The most common primary responses to stress, anger, criticism or rejection are: fight, flight, freeze and faint. At various times you may have experienced all of these responses, but most of us have a predominant style. Take the following quiz to determine which style you most commonly use, courtesy of Cynthia Wall in her book The Courage to Trust (New Harbinger) . Recall a situation in which you were the object of someone else’s anger, rejection, blame, disrespect, criticism or judgment. On a scale from 0 (Not me) to 5 (Very much me), how well do you fit the following responses?
Fight
____ I get angry so fast, I can’t control it. I could break or hit something.
____My heart instantly hardens. I feel cold, unloving.
____My whole body gets hot. I want to jump up and scream.
Flight
____I’m out of here!
____I want never to see the other person again.
____I can’t stop talking. My mind is going a million miles an hour.
Freeze
____My mind is a blank. I can’t think of a thing to say.
____I feel punched in the stomach, unable to move or talk.
____My heart is beating fast. My mouth is dry. I feel like a robot.
Faint
____I can’t remember what the other person said.
____My body feels like Jell-O. My knees buckle.
____I just wait until the bad part stops, then act like nothing has happened.

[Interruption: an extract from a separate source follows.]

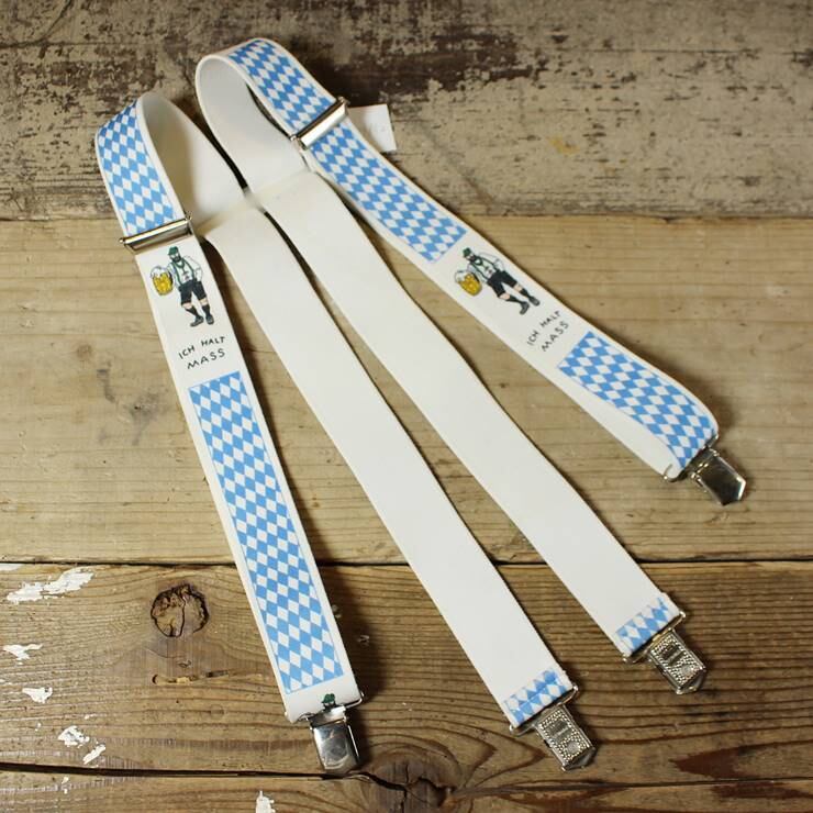 ドイツ製 クリップ式 サスペンダー ゴム ホワイト プリント ICH HALT MASS ビール ヨーロッパ古着 022620ss152

You, like the rest of us, have an inner protector. Your inner protector has developed ways to keep you safe. It finds ways for you to numb pain and minimize your hurt feelings. Some of the more common ways people use to numb their pain and to protect themselves include getting high or drunk, bingeing on food, watching lots of television or playing lots of video games, eating lots of sugar or smoking cigarettes. All of those will distract you, help you to ignore (or forget) the problem, or assist you in not feeling. That is why they are self-protections.
But there is another way of protecting yourself. When you’re dealing with someone’s anger, rejection, blame, criticism, judgment or disrespect, it involves you looking at why the other person might reasonably feel the way s/he does, to look for where s/he could be right, and it urges you to attempt to negotiate, compromise or to otherwise talk the problem through so the conflict can be resolved. So solving a problem or resolving an issue is the most effective way to protect yourself, using this method.
If you were to use this healthier and more mature form of self-protection more often, you would:
- Listen to someone carefully, trying to understand where they are coming from or why they think/feel the way they do, rather then trying to defend yourself or to deflect, minimize or block out what the other person is saying.
- Look at where there is agreement. Where do you agree with the other person? Where is s/he right?
- Beware of listening for what is missing or inaccurate about what the other person says, or of listening like a judge deciding who is right and who is wrong.
- Make requests about what you would like in the future, instead of complaining about what was done in the past. The future can be changed. The past can’t.
- Use empathy—essentially giving the other person the benefit of doubt. It communicates that you care what s/he feels.
- Say everything you want, but say it tactfully and respectfully.
- It is an act of supreme maturity and wisdom to respond to disrespect with grace and poise, restraining yourself from responding with an insult back.